The violence has raised questions about President Vicente Fox's crackdown against drug traffickers, praised here and in the United States for capturing more than 100 drug traffickers, among them 15 most-wanted kingpins, and weakening the systems of protection that allowed them to operate with impunity.

Law enforcement officials here and in the United States say that the crackdown has so badly weakened the cartels that they have been forced into volatile alliances and rash attacks. They see the killings as the last spasm of organizations desperate to stay in business.

"They are breaking up," said Mr. Vasconcelos, the assistant attorney general. "They are trying to sustain their strength by whatever means. That is what we are seeing now."

Other experts on drug trafficking, however, say that the government's crackdown has done little to interrupt the flow of drugs through this country, nor to stem the corruption that allows drug traffickers to buy control of police and prisons.
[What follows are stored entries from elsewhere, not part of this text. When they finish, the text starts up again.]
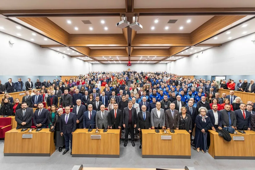 Üst yönetime de özverili çalışmaları için teşekkür eden Başkan Tugay, yönetim kültürü değişimlerinin hizmet kalitesine olan yansımasını anlattı. Tugay, “Rica ettim; 'Makam odalarınızı bırakıp açık ofiste çalışır mısınız' dedim. Hiçbiri itiraz etmedi, herkes konforundan vazgeçti ve şimdi bir arada çalışmanın keyfini yaşıyoruz. İletişim kolaylaşınca işler daha iyi yürüyor; bu durum, daha iyi işleyen bir idari yapının tüm çalışma arkadaşlarımıza olumlu yansımasını sağlıyor. 2026 yılına giriyoruz; ancak bu yıla dar bir bakış açısıyla bakmamalıyız. Dünyanın nereye gittiğini, Türkiye’nin içinde bulunduğu durumu, şehrimizin çağa ne kadar ayak uydurduğunu ve nasıl bir gelecek hayal ettiğini hepimizin düşünmesi gerekiyor. Bir şeyler yaparsanız dünya değişecek, her şey daha iyi olacak. Belki de bütün dünyaya ilham verecek işlere imza atacaksınız. Bu mümkün; benim desteğim her zaman sizinle, yeter ki buna inanın ve gayret gösterin” şeklinde konuştu.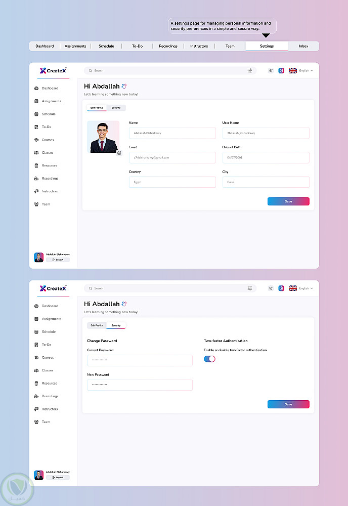 - صفحة إعدادات لتعديل البيانات والتحكم في الأمان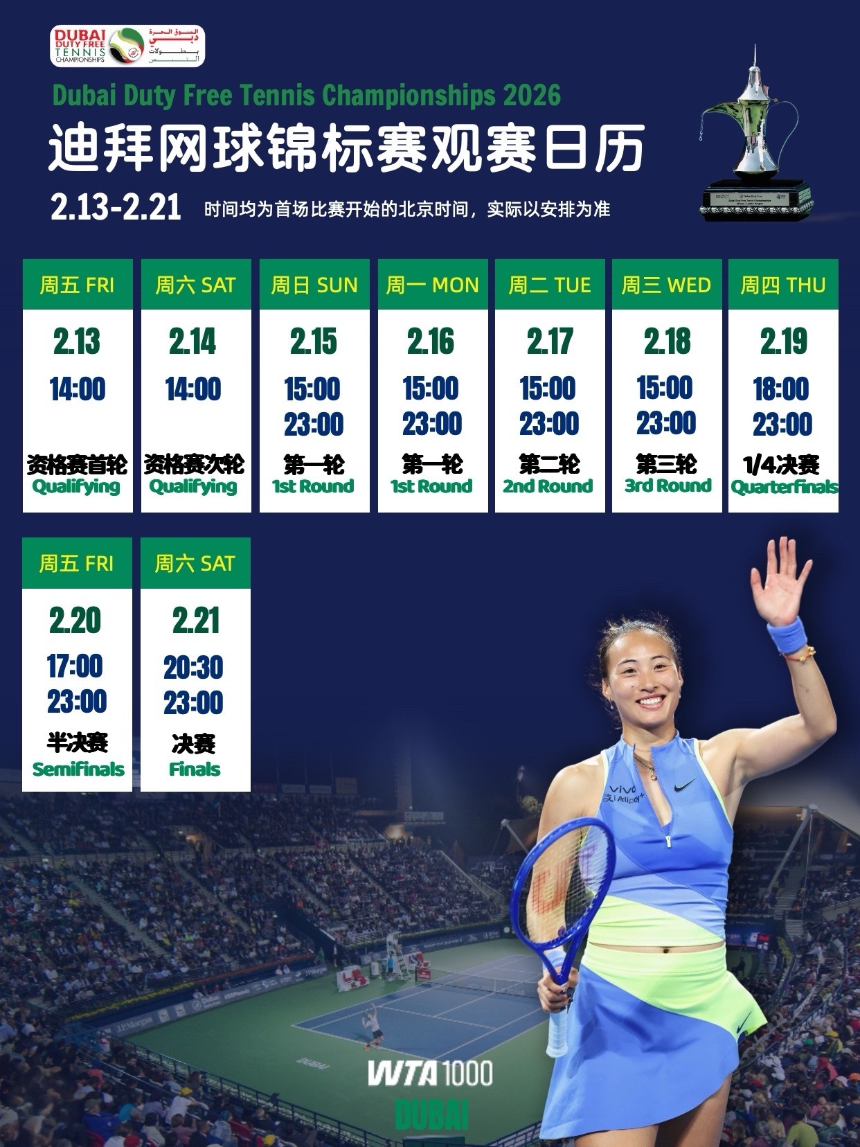 郑钦文迪拜再出发WTA1000迪拜 WTA1000迪拜锦标赛正赛将于2月15日开打,是全年第二站女子1000赛事,也是中东地区第2站1000赛。🗒️赛事信息资格赛时间:2.13-2.14正赛时间:2.15-2.21场地类型:室外硬地比赛地点:迪拜-🇦🇪阿联酋签位:单打56(前8首轮轮空)、双打28(前4首轮轮空)赛事总奖金:$4,088,211卫冕冠军:🇷🇺安德烈耶娃💰单打各轮次积分奖金:W:1000分,$665,000F:650分,$385,001SF:390分,$197,000QF:215分,$98,500R16:120分,$49,250R32:65分,$26,000R64:10分,$18,300单打正赛抽签将于今日17点进行,排名前44的将自动入围,8个名额从资格赛诞生,另设4张外卡,前8种子享受首轮轮空。郑钦文将出战本站赛事,在多哈复出首站收获16强成绩,表现已经非常值得肯定。期待钦文继续找回比赛状态,保持健康,在迪拜站收获更多!
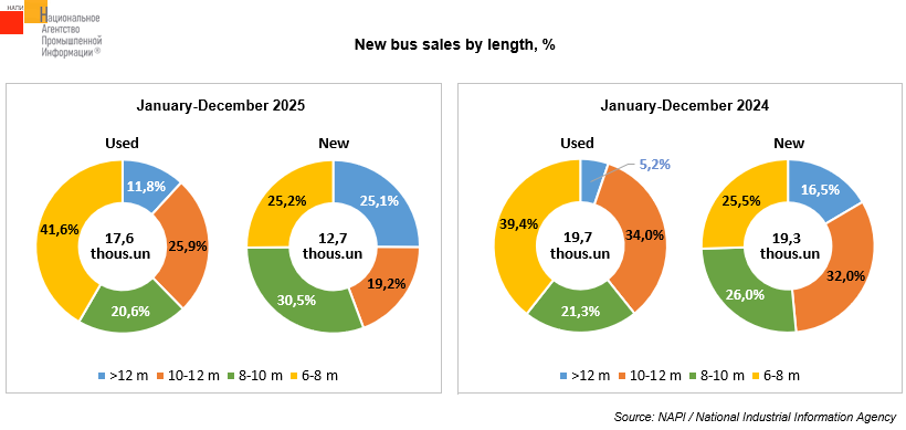 According to the marketing agency NAPI, 30.3 thousand new and used buses were sold in January-December 2025, which was a 22.4% decline on the previous year, when 39 thousand buses were sold. Of them, 12.7 thousand units were new (-34.1% on 2024), and 17.6 thousand units were used (-10.9%).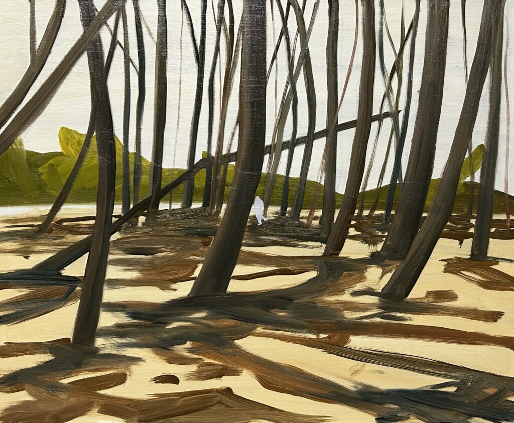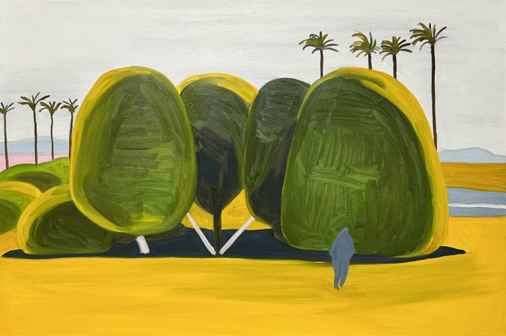 Her works oscillate between objectivity and subjectivity, balancing the factual record of the camera with the personal resonance of painting. Figures are absent or dissolve into their surroundings, leaving nature to unfold in restrained, precise brushstrokes and a soft palette of colors. The resulting canvases evoke nostalgia and solitude while paradoxically inviting viewers to project their own feelings and recollections onto anonymous, universal places. In Kiura’s work, separation itself becomes a point of connection—an unlikely space of shared community.
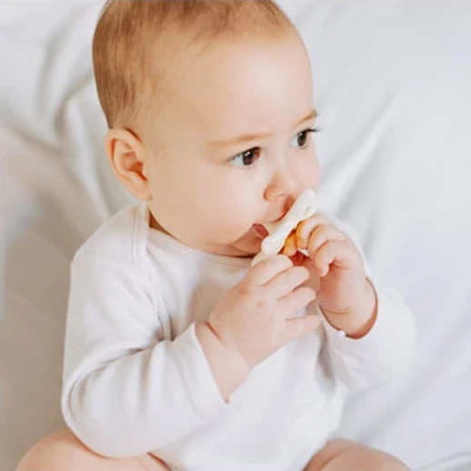Ce jouet de dentition Chewy-to-Go favorise le développement naturel du palais et de la mâchoire des nouveau-nés. C’est un jouet sain, biodégradable et sans aucun risque pour les enfants.

In the wake of the increased law enforcement operations, these experts say, cartels have shifted alliances, and some have even begun operating in smaller units. But they have begun to bounce back, and so has the violence that comes with them.

"The good news is that the government of Mexico has arrested more kingpins and dismantled more cartels," said Jorge Chabat, an expert on organized crime at the Mexican research institute CIDE. "The bad news is that it means nothing. It hasn't stopped drugs from moving across the country. In fact, all it has done is created more violence."

Mr. Chabat added, "For many years, the United States complained that if Mexico did its job and put these kingpins in jail, then the drug war would end. But Mexico has done its job, and the war continues."

In a meeting with reporters on Thursday, Mr. Vasconcelos said the jailed drug bosses had used their lawyers to carry messages to operatives on the outside. He also said an untold number of guards had been bribed or threatened into cooperating.

At least five prison officials are being held in connection with the recent killings at the jail, including the director and two of his aides. And in the last week the government reinforced the security at La Palma, sending an additional 179 guards.

Jésus Blancornelas, a crusading Tijuana journalist who is one of the country's foremost experts on the drug trade, said adding officers to the prison would not change anything unless the rotten officers were removed.

"The problem in Mexico is that as long as you don't clean up the police, the drug trafficking system is going to continue working," Mr. Blancornelas said. "They say to me what do you have to do to capture the drug dealers, and I tell them, first, you have to capture the bad cops."